Reputation: 11
I am having a problem of how to pass a concatenated strings that is similar to the name of the datasets in my global data. Name1 to Name12 is a dataset
Name1 3obs of 2variables
Name2 4obs of 2variables
...
Name12 2obs of 2variables
I want to simplify my code since so I made a for loop to print each dataset name
for(j in 1:12){
name<-paste("Name",j,sep="")
print(name)
}
after that I tried passing it to the function
for(j in 1:12){
name<-paste("Name",j,sep="")
Greetings(name)
}
but i encounter
Error in name$gender : $ operator is invalid for atomic vectors
Greetings <- function(name){
check<-name$gender
if(check==male) cat("Greetings","Mr",name$person)
else cat("Greetings","Ms",name$person)
}
Upvotes: 1
Views: 1388
Reputation: 24
You do not have a problem with the String, it's totally fine. Rather you need a database for checking the gender. You cannot just call $gender
on a string, hoping it will tell you if it's male or female. You will need a data.frame or a table where you can look up if the name is female or male.

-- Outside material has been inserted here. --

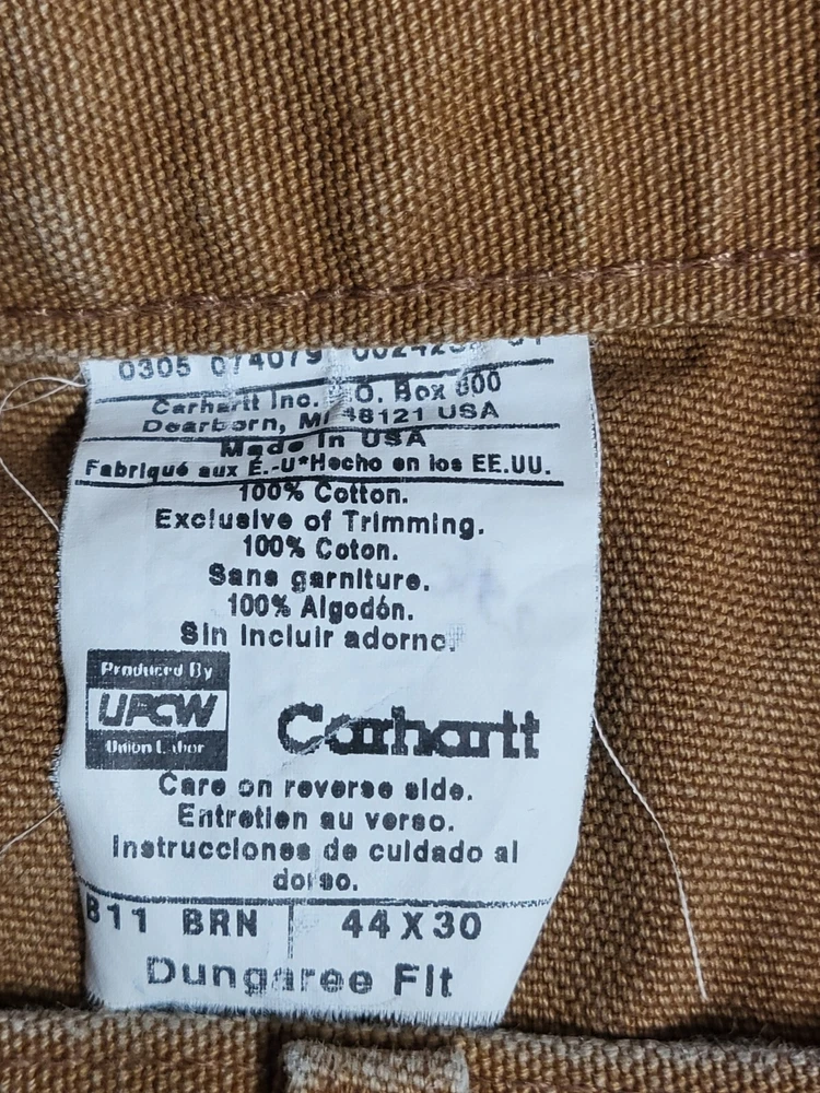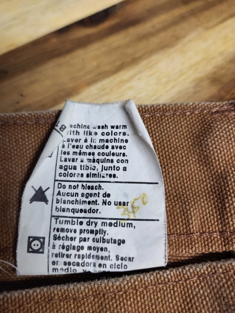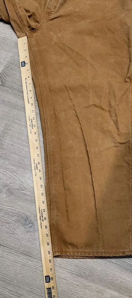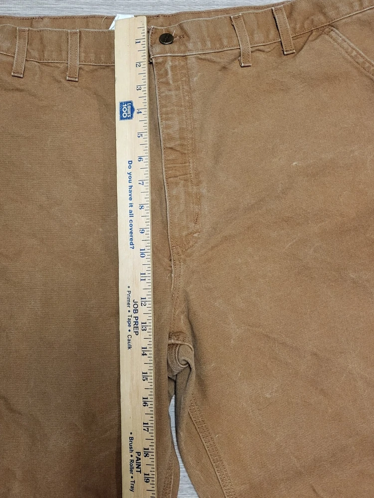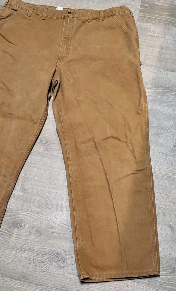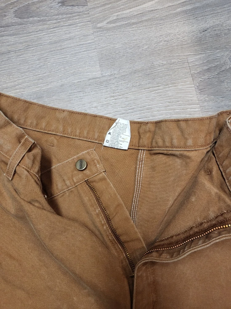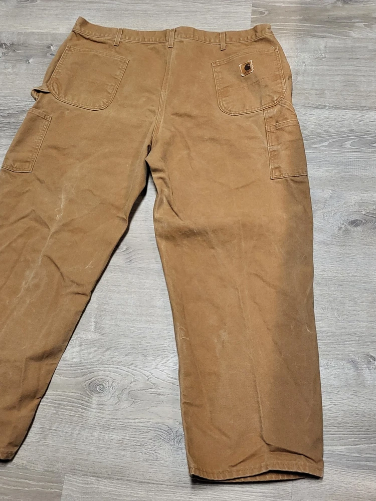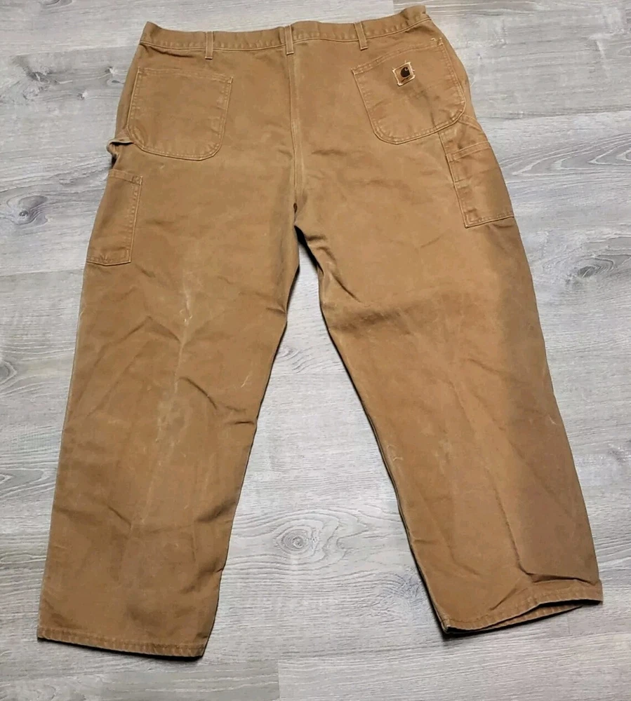 Enhance your work wardrobe with these Carhartt men's dungaree fit carpenter pants. Made of sturdy duck canvas fabric, these pants are perfect for outdoor and classic themed works. The pants feature a mid-rise waist, zip closure, and belt loops for a comfortable and secure fit. See pics for some discoloration, but no damage to the pants. With eight pockets, these pants provide ample space for your tools and personal items. The pants are machine washable, making them easy to care for. The brown color is accented with the Carhartt logo, giving it a classic look. These pants are perfect for any season, whether it's winter, summer, fall, or spring.

Additionally, also name$person
won't work, as name
is only a String. Do not mix strings and data.frame/table.
If you already have a data.frame/table where the gender is deposited, you have to extract this value from the data.frame/table with dataFrame[name=name,]$gender
respectively dataFrame[name=name,]$person
where the first name
is the column caption and the second name
your variable, containing the name you want to examine as String.
EDIT: You need to use eval(as.name(name))
to reference the variable, if name
is a String containing the name of the variable.
Upvotes: 1
Reputation: 26258
Inside your Greetings
function, name
is a string, not a data.frame. Put a print(name)
inside your Greetings function to see this.
Greetings <- function(name){
print(name)
# check<-name$gender
# if(check==male) cat("Greetings","Mr",name$person)
# else cat("Greetings","Ms",name$person)
}
Greetings(name)
# [1] "Name1"
See that this is just a string, not your data.frame
To use the string name
to refer to your data.frame, you need to use get()
to refer to your R object.
Consider this example data:
Name1 <- data.frame(gender= c("male"),
person= c("a"), stringsAsFactors = FALSE)
## Create a string representing the data.frame as per your original code
## (can be done in a loop)
name <- paste("Name", "1", sep="")
In the Greetings
function, you can refer to the data.frame with get(name)
. (you also need quotes around male
), something like
Greetings <- function(name){
check <- get(name)
## note this will only work as expected with a data.frame
## with one row.
if(check$gender=="male") cat("Greetings","Mr", check$person)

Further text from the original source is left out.